За завтраком я как бы между прочим поинтересовался, где бабушка вчера была.
– К батюшке Григорью ездили.
– С кем?
– А ты не знаешь с кем?
– Ну и?..
– И, и! Ешь и ступай давай!
– И за что ты на меня взъелась?
– А ты не знаешь?
– Не знаю, – нарочно соврал я.
Она подержала меня под укоризненным взглядом.
– Поел? А теперь ступай и без отца не возвращайся!

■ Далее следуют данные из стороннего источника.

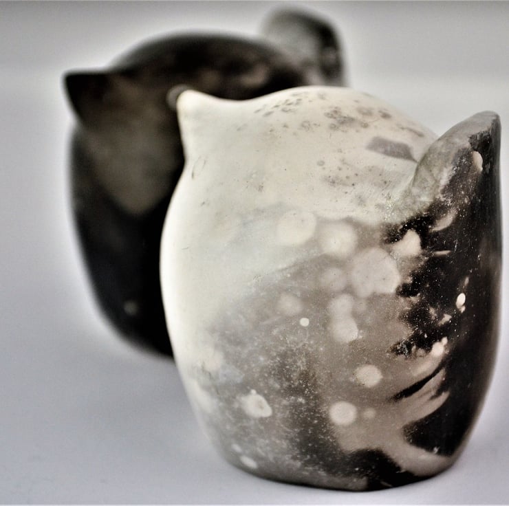 These striking little pottery birds were born in a whirl of flames, they emerged from the ashes of a smoke firing bin with all the flashes and speckles I love from smoke firing.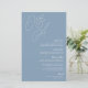 A beautiful typography based wedding menu card featuring your initials in oversized script lettering at the top, in tone on tone shades for a watermark effect. Personalize with your menu items beneath, aligned at the right. Our Dusty Blue colorway is an elegant mix of ethereal blues, with white and blue-gray lettering on a dusty medium blue background.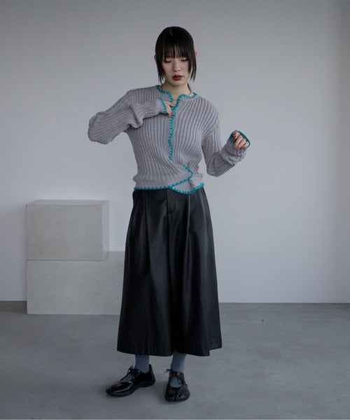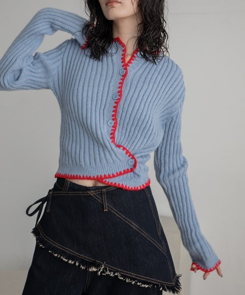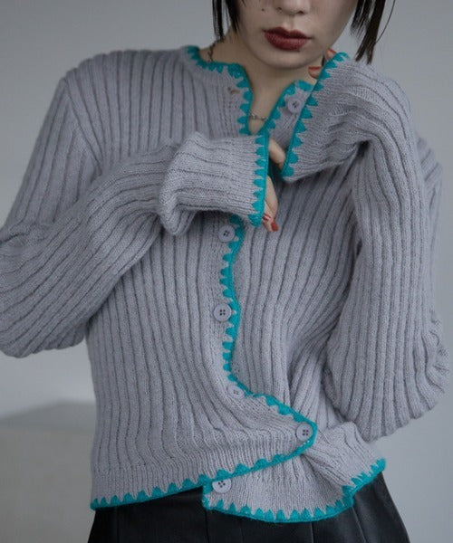 Vacancy 波浪羅紋拼色針織Cardigan

– А деньги на такси? Не на общественном же транспорте его в таком состоянии везти?
Она спросила: «Сколь надо?» И, узнав, возмущённо покачала головой: «Креста на них, что ли, нету?» Но пятёрочку с полтинничком всё же вынесла, сунула мне, как попрошайке, и выпроводила за порог с тем же наказом.
Утро было свежее. Улица по-воскресному пуста. Я глянул на соседские окна, сколько было возможно и доставал глаз в огород – никаких признаков жизни. «Спит?» И от одного только воспоминания об этом взволновалось моё сердце.
На трамвайной остановке столкнулся с Леонидом Андреевичем. Он неохотно поздоровался, отводя в сторону глаза, сказал:
– За билетом еду. Уезжать собралась.
Я всё понял и промолчал. Стоять рядом стало неудобно. И я хотел отойти, но Леонид Андреевич вдруг спросил:
– А ты хорошо подумал?
– О чём?
– Зачем тебе эта?..
Меня бросило в жар. Особенно неприятно для самолюбия прозвучало небрежное «эта». Я не знал что ответить и промолчал.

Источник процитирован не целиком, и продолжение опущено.